How, then, are its attributes retrieved if not from the dictionary of the object? By using descriptors. Each name defined in a slot will have its own descriptor that will store the value for retrieval later.
__slots__
can help to design classes whose signature needs to be frozen. For
instance, if you need to restrict the dynamic features of the language over a class, defining
slots can help:
class Coordinate2D:
__slots__ = ("lat", "lon")
def __init__(self, lat, lon):
self.lat = lat
self.lon = lon
def __repr__(self):
return f"{self.__class__.__name__}({self.lat}, {self.lon})"
While this is an interesting feature, it has to be used with caution because it is taking away the dynamic nature of Python. In general, this ought to be reserved only for objects that we know are static, and if we are absolutely sure we are not adding any attributes to them dynamically in other parts of the code. Some techniques, such as monkey patching, will not work with instances of classes that have slots defined.
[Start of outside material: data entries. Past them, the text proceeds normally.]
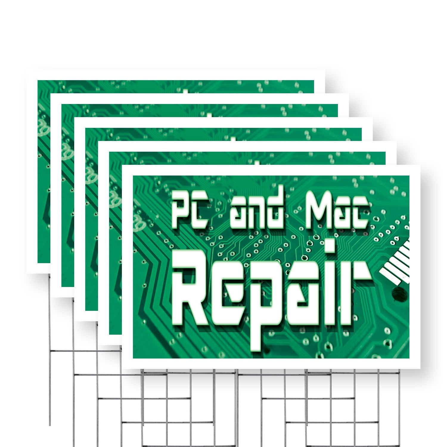 PC and Mac Repair Yard Sign 5 Pack of 24 Inch x 36 Inch Double Sided ...
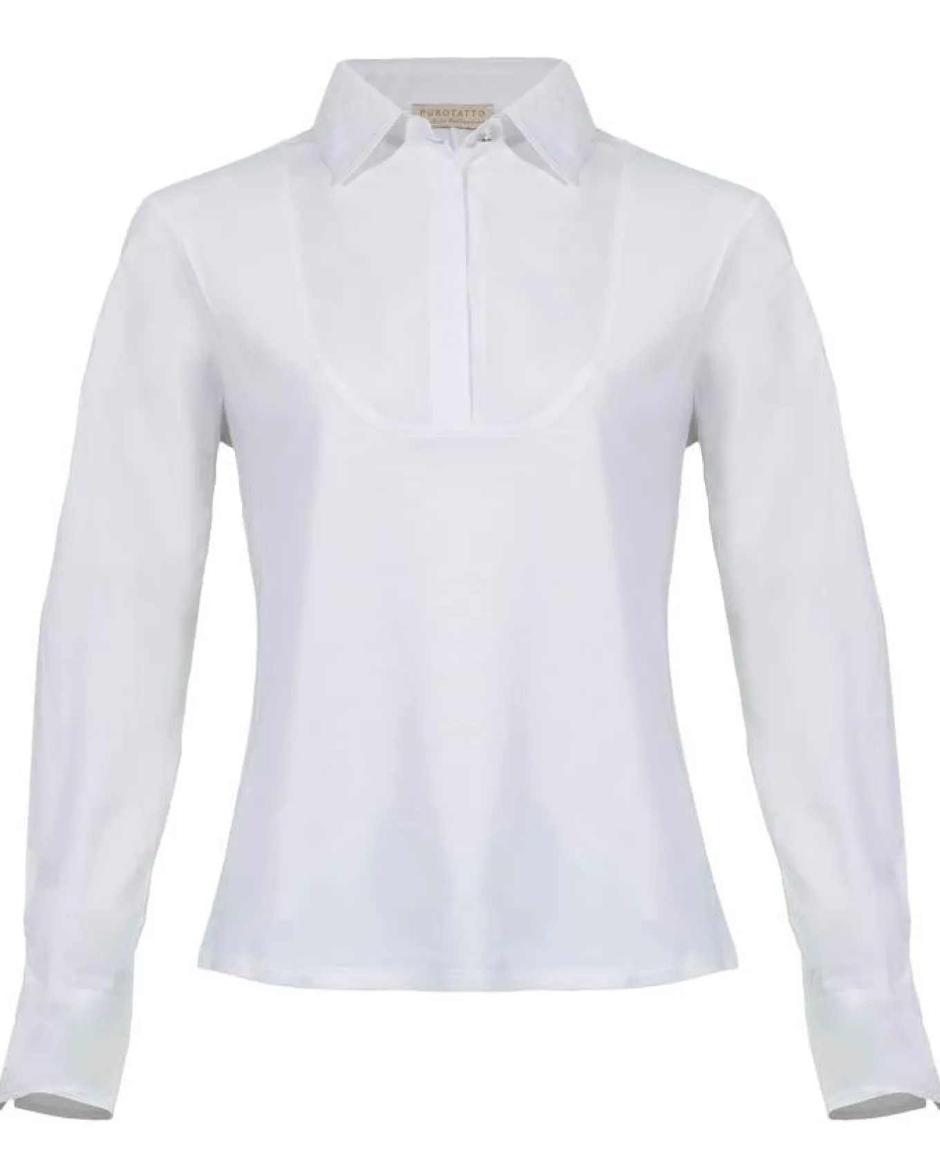 Purotatto tuxedo style jersey collared bib shirt with partial button placket and button cuffs. Perfect for layering.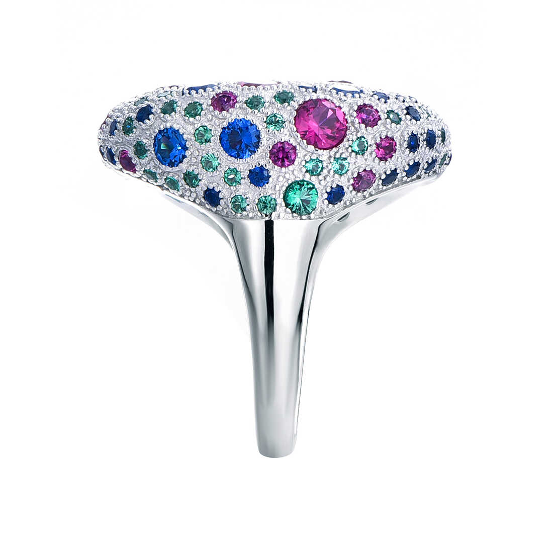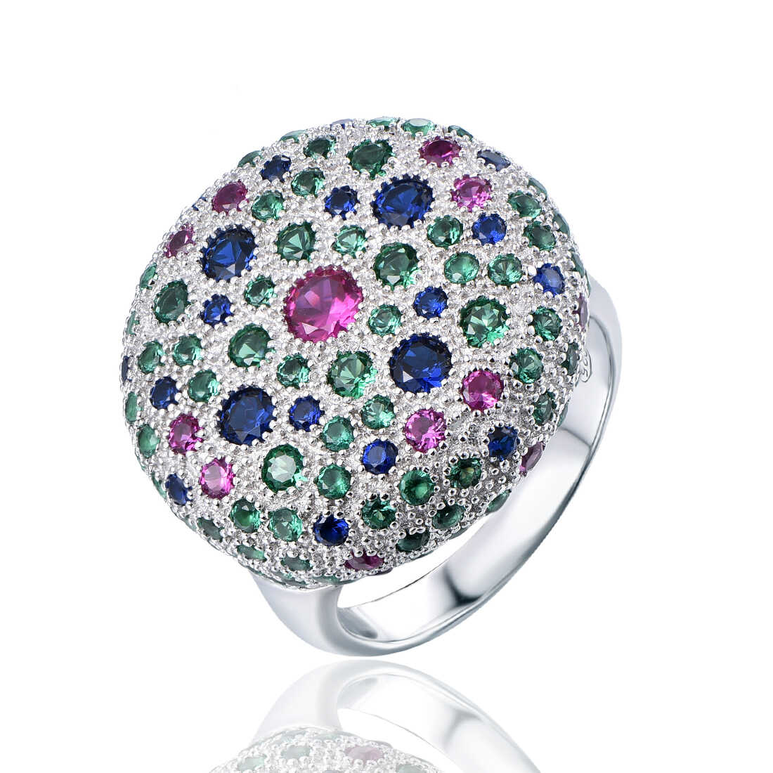 טבעת כסף משובצת אבני זרקון צבעונית בציפוי רודיום.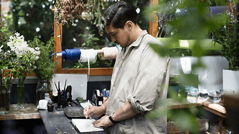 - 工場の人たちが1枚1枚ミシンで

Fortunately, the new attributes can be added to the derived classes if they do not have their own slots defined:
>>> class Frozen:
... __slots__ = ['ice', 'cream']
...
>>> '__dict__' in dir(Frozen)
False
>>> 'ice' in dir(Frozen)
True
>>> frozen = Frozen()
>>> frozen.ice = True
>>> frozen.cream = None
>>> frozen.icy = True
Traceback (most recent call last): File "<input>", line 1, in <module>
AttributeError: 'Frozen' object has no attribute 'icy'
>>> class Unfrozen(Frozen):
... pass
...
>>> unfrozen = Unfrozen()
>>> unfrozen.icy = False
>>> unfrozen.icy
False
As an upside of this, objects defined with slots use less memory, since they only need a fixed set of fields to hold values and not an entire dictionary.